EXERCISE:
Please restate word for word the lines of the entries below from the one with "中溝 一六八さんを姓名の画数から五運を鑑定" to the one with "new beetle species", inclusive, and leave out every picture.

TASK MATERIAL:
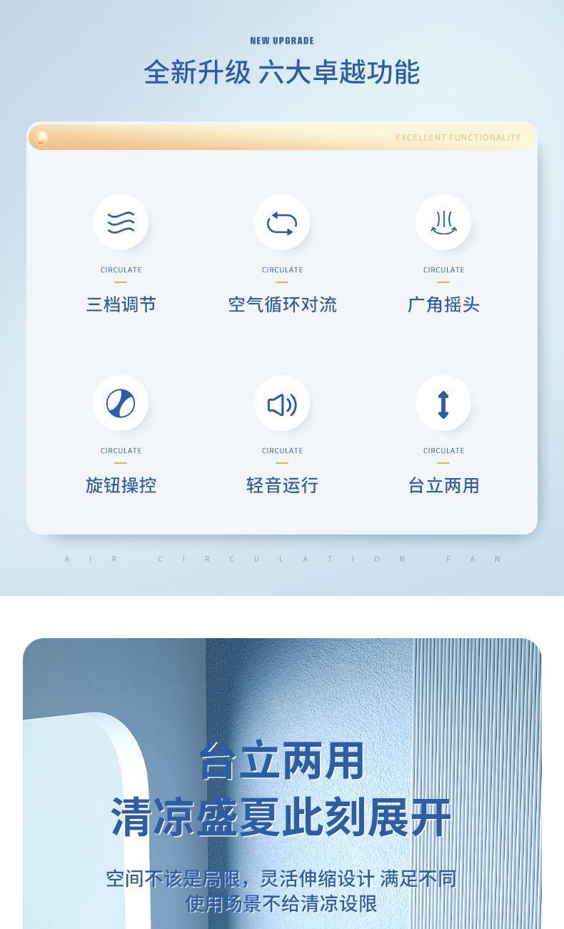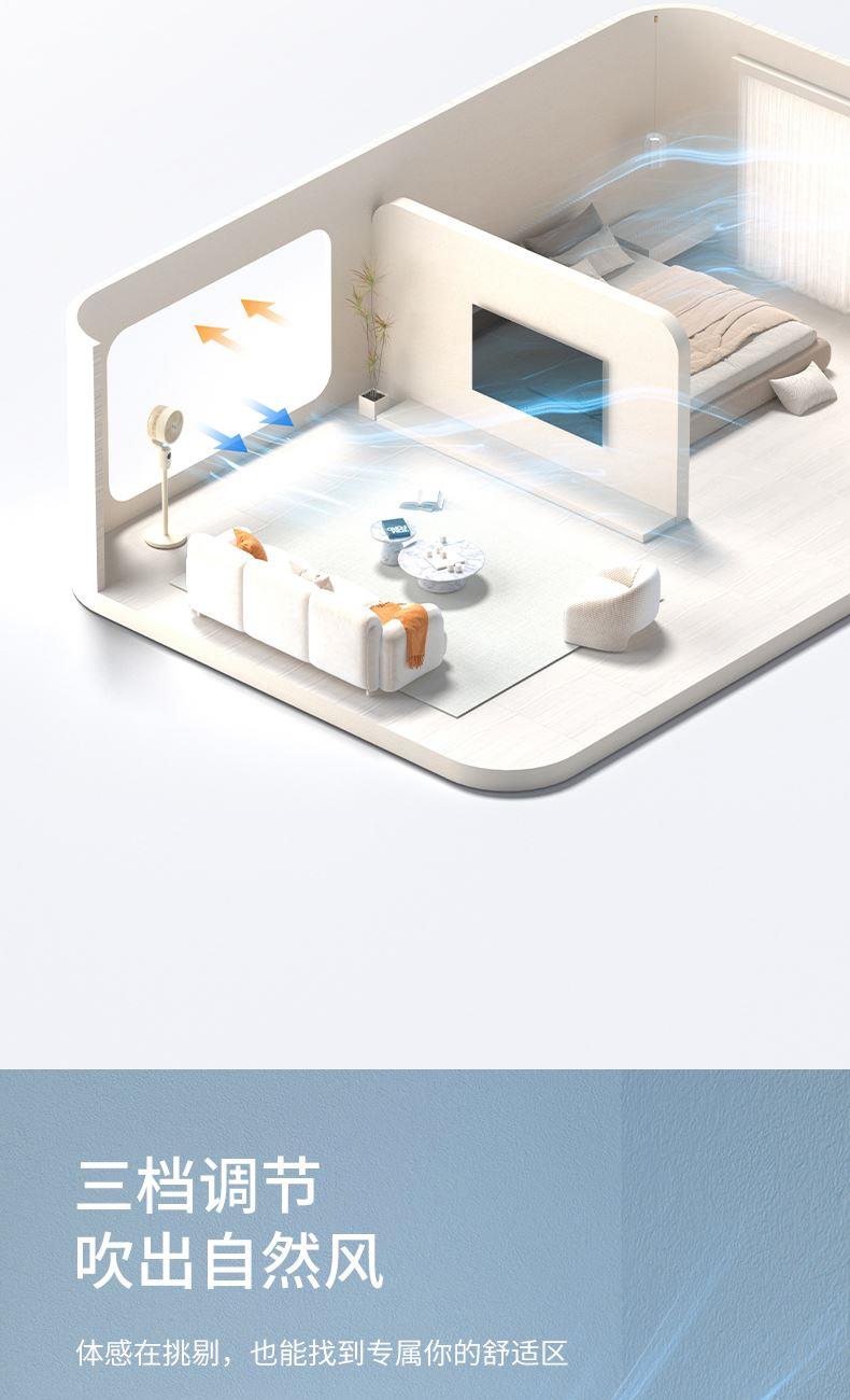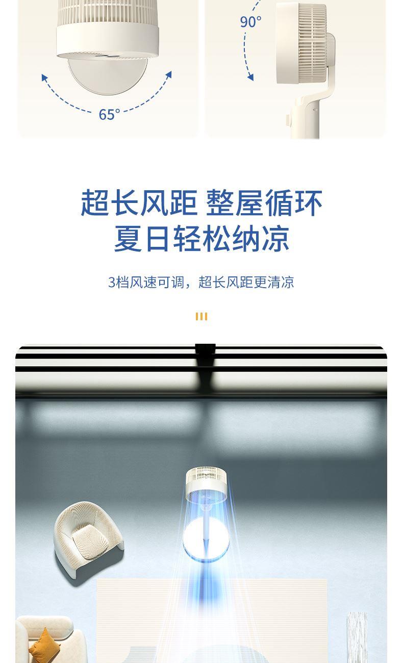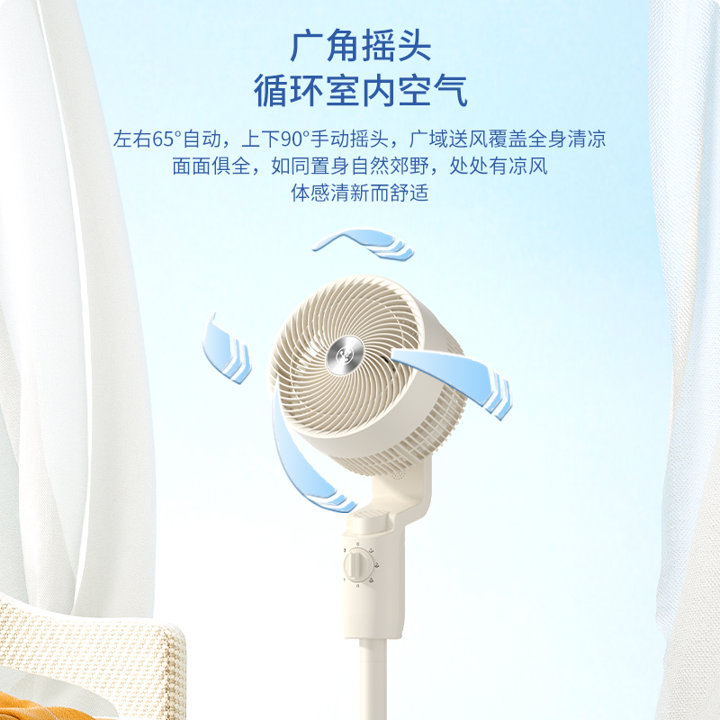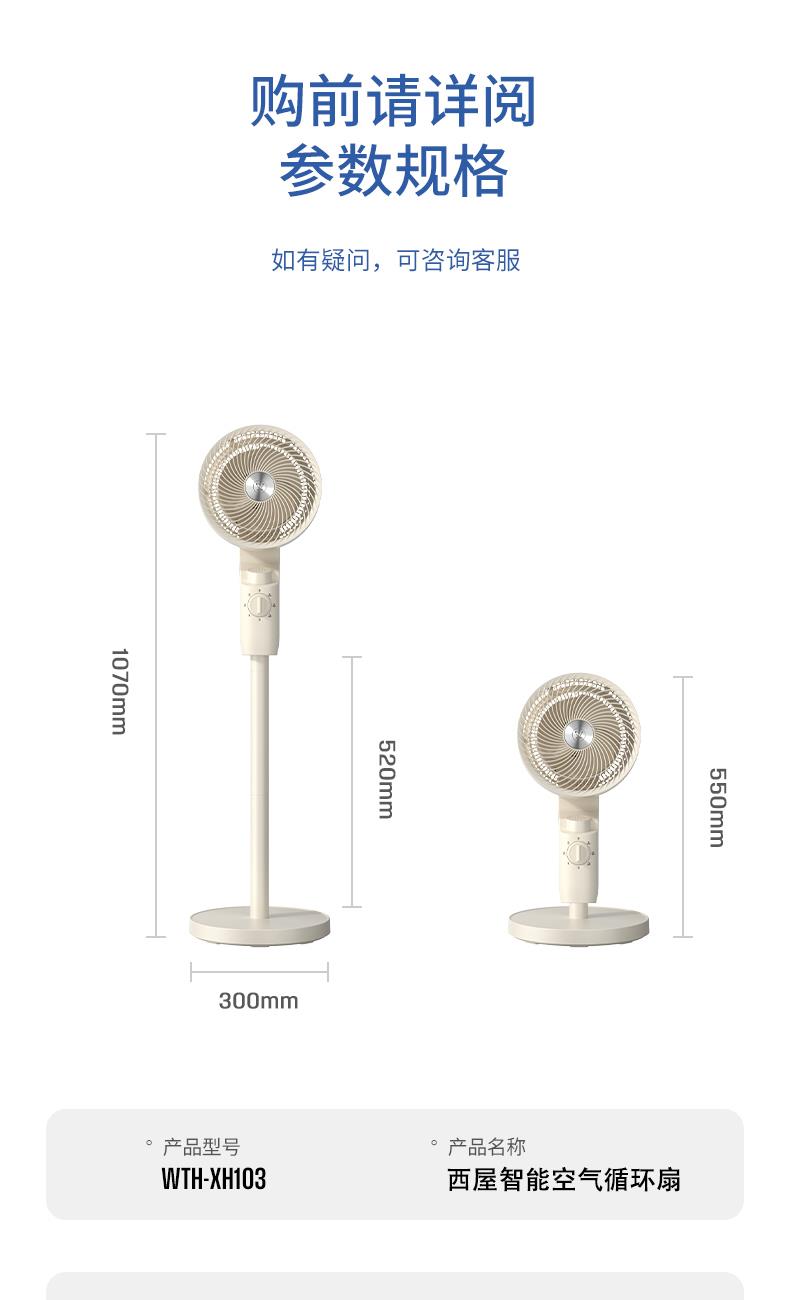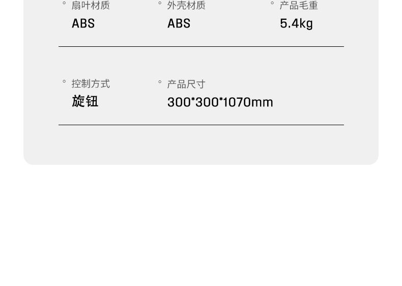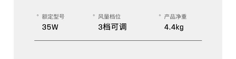 功率:35W 控制方式:机械 风速档位:3档 产品尺寸: 300*300*1070mm 3档风速调节; 台立两用; 左右65度,上下90度摇头; 多重风类模式 旋钮操作模式
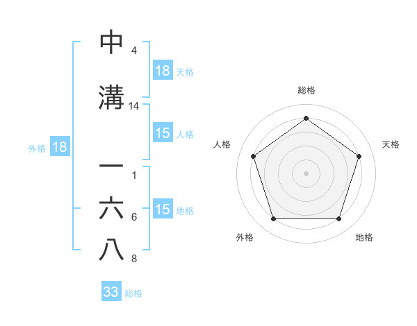 中溝 一六八さんを姓名の画数から五運を鑑定
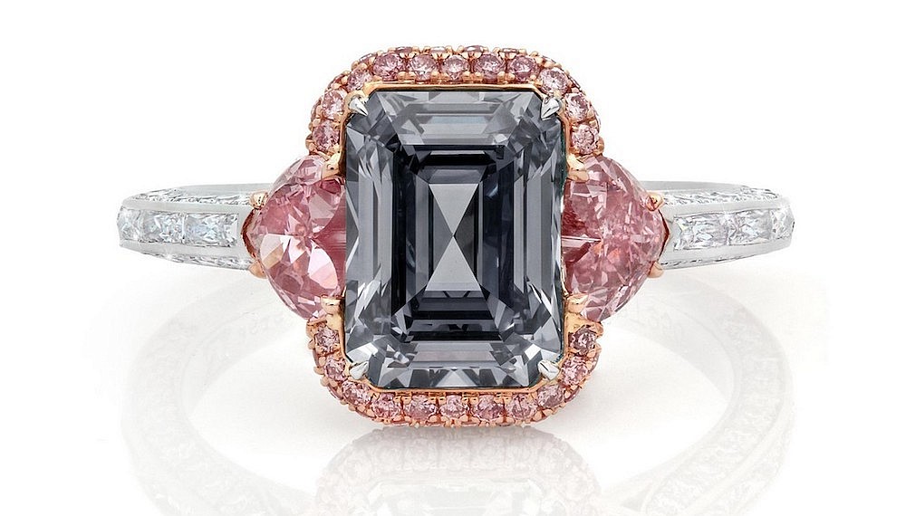An intensely smoky, 2-carat fancy grey diamond in this Martin Katz ring serves as a stark contrast to two bright pink heart-shaped diamonds and a surrounding pink diamond frame. This ring’s juxtaposition of pink and deep grey is decidedly modern, and totally entrancing.
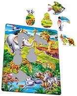 Дървеният пъзел от Melissa & Doug ще се хареса на децата. Върху здравата, дървена дъска има 8 африкански животни, които децата трябва да подредят. За това им съдействат картинките, под формата на всяко от животните. Така децата могат да се ориентират лесно, къде да поставя фигурките. Играта с пъзела спомага за развиването на фината моторика на децата, а посредсвтом фигурките могат да се измислят различни ролеви игри. Пъзелът е подходящ за деца над 2-годишна възраст. ...
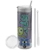 Monster inc, Tumbler ποτήρι θερμό Ασημένιο από ανοξείδωτο ατσάλι 600ml, με μεταλλικό καλαμάκι & βούρτσα καθαρισμού
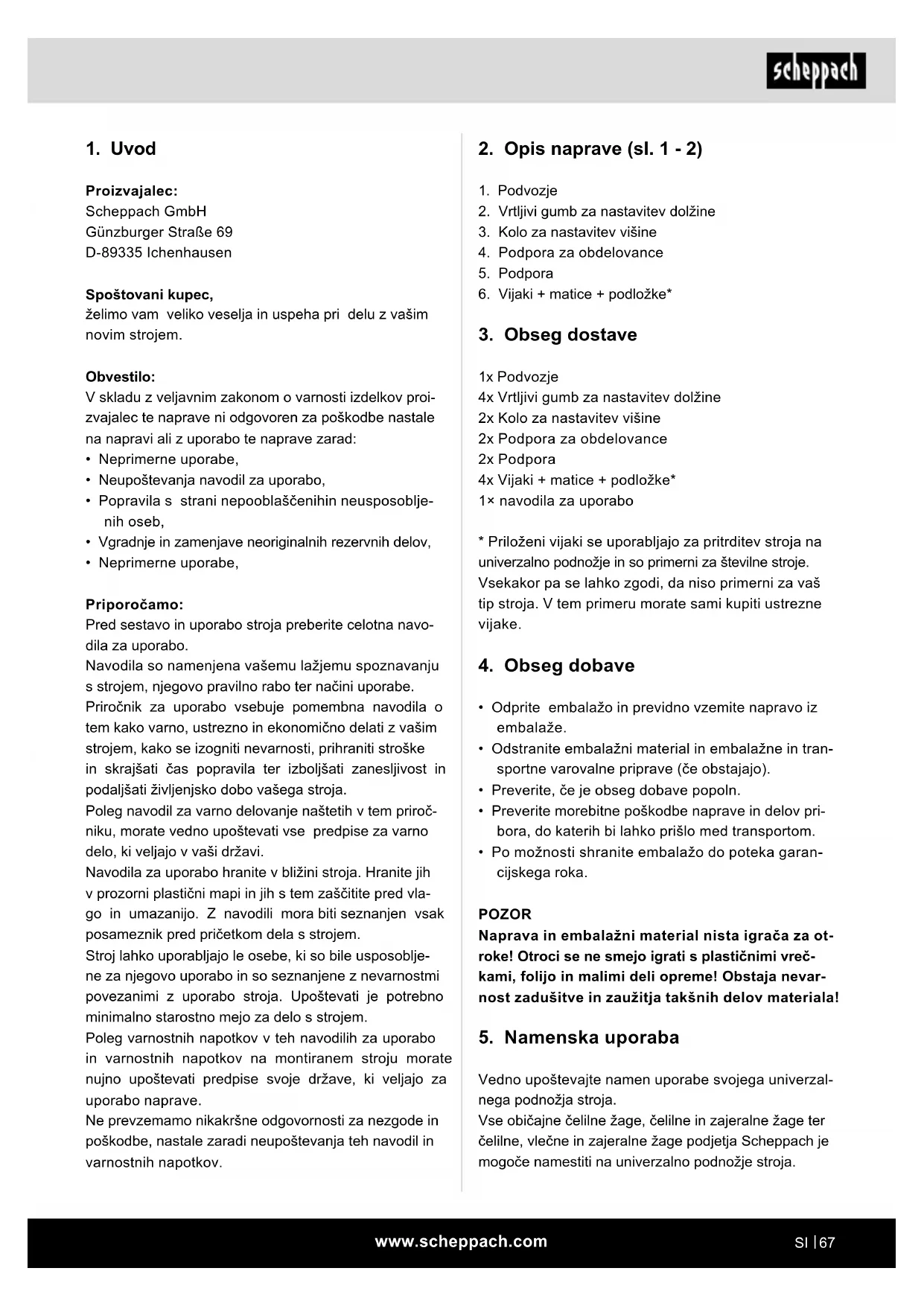 - Neprimerne uporabe, Priporočamo: Pred sestavo in uporabo stroja preberite celotna navo- dila za uporabo. Navodila so namenjena vašemu lažjemu spoznavanju s strojem, njegovo pravilno rabo ter načini uporabe. Priročnik za uporabo vsebuje pomembna navodila o tem kako varno, ustrezno in ekonomično delati z vašim strojem, kako se izogniti nevarnosti, prihraniti stroške in skrajšati čas popravila ter izboljšati zanesljivost in podaljšati življenjsko dobo vašega stroja. Poleg navodil za varno delovanje naštetih v tem priroč- niku, morate vedno upoštevati vse predpise za varno delo, ki veljajo v vaši državi. Navodila za uporabo hranite v bližini stroja. Hranite jih v prozorni plastični mapi in jih s tem zaščitite pred vla- go in umazanijo. Z navodili mora biti seznanjen vsak posameznik pred pričetkom dela s strojem. Stroj lahko uporabljajo le osebe, ki so bile usposoblje- ne za njegovo uporabo in so seznanjene z nevarnostmi povezanimi z uporabo stroja. Upoštevati je potrebno minimalno starostno mejo za delo s strojem. Poleg varnostnih napotkov v teh navodilih za uporabo in varnostnih napotkov na montiranem stroju morate nujno upoštevati predpise svoje države, ki veljajo za uporabo naprave. Ne prevzemamo nikakršne odgovornosti za nezgode in poškodbe, nastale zaradi neupoštevanja teh navodil in varnostnih napotkov.www.scheppach.com
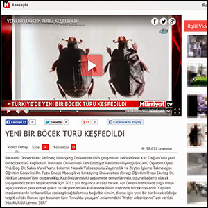 - “A new beetle species found in Turkey.” titled a video published on Hurriyet “Hürriyet - Web TV”
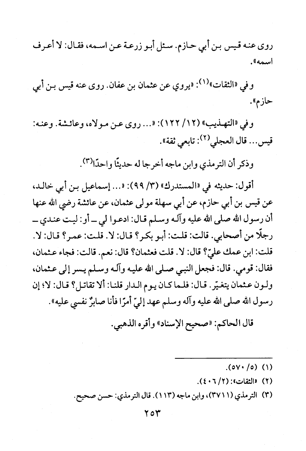 أقول: حديثه في «المستدرك» (٣/ ٩٩): « ... إسماعيل بن أبي خالد، عن قيس بن أبي حازم، عن أبي سهلة مولى عثمان، عن عائشة رضي الله عنها أن رسول الله صلى الله عليه وآله وسلم قال: ادعوا لي ــ أو: ليت عندي ــ رجلًا من أصحابي. قالت: قلت: أبو بكر؟ قال: لا. قلت: عمر؟ قال: لا. قلت: ابن عمك عليّ؟ قال: لا. قلت فعثمان؟ قال: نعم. قالت: فجاء عثمان، فقال: قومي. قال: فجعل النبي صلى الله عليه وآله وسلم يسر إلى عثمان، ولون عثمان يتغيّر. قال: فلما كان يوم الدار قلنا: ألا تقاتل؟ قال: لا؛ إن رسول الله صلى الله عليه وآله وسلم عهد إليّ أمرًا فأنا صابرٌ نفسي عليه».

WRITTEN RESPONSE:
 中溝 一六八さんを姓名の画数から五運を鑑定
An intensely smoky, 2-carat fancy grey diamond in this Martin Katz ring serves as a stark contrast to two bright pink heart-shaped diamonds and a surrounding pink diamond frame. This ring’s juxtaposition of pink and deep grey is decidedly modern, and totally entrancing.
 Дървеният пъзел от Melissa & Doug ще се хареса на децата. Върху здравата, дървена дъска има 8 африкански животни, които децата трябва да подредят. За това им съдействат картинките, под формата на всяко от животните. Така децата могат да се ориентират лесно, къде да поставя фигурките. Играта с пъзела спомага за развиването на фината моторика на децата, а посредсвтом фигурките могат да се измислят различни ролеви игри. Пъзелът е подходящ за деца над 2-годишна възраст. ...
 Monster inc, Tumbler ποτήρι θερμό Ασημένιο από ανοξείδωτο ατσάλι 600ml, με μεταλλικό καλαμάκι & βούρτσα καθαρισμού
 - Neprimerne uporabe, Priporočamo: Pred sestavo in uporabo stroja preberite celotna navo- dila za uporabo. Navodila so namenjena vašemu lažjemu spoznavanju s strojem, njegovo pravilno rabo ter načini uporabe. Priročnik za uporabo vsebuje pomembna navodila o tem kako varno, ustrezno in ekonomično delati z vašim strojem, kako se izogniti nevarnosti, prihraniti stroške in skrajšati čas popravila ter izboljšati zanesljivost in podaljšati življenjsko dobo vašega stroja. Poleg navodil za varno delovanje naštetih v tem priroč- niku, morate vedno upoštevati vse predpise za varno delo, ki veljajo v vaši državi. Navodila za uporabo hranite v bližini stroja. Hranite jih v prozorni plastični mapi in jih s tem zaščitite pred vla- go in umazanijo. Z navodili mora biti seznanjen vsak posameznik pred pričetkom dela s strojem. Stroj lahko uporabljajo le osebe, ki so bile usposoblje- ne za njegovo uporabo in so seznanjene z nevarnostmi povezanimi z uporabo stroja. Upoštevati je potrebno minimalno starostno mejo za delo s strojem. Poleg varnostnih napotkov v teh navodilih za uporabo in varnostnih napotkov na montiranem stroju morate nujno upoštevati predpise svoje države, ki veljajo za uporabo naprave. Ne prevzemamo nikakršne odgovornosti za nezgode in poškodbe, nastale zaradi neupoštevanja teh navodil in varnostnih napotkov.www.scheppach.com
 - “A new beetle species found in Turkey.” titled a video published on Hurriyet “Hürriyet - Web TV”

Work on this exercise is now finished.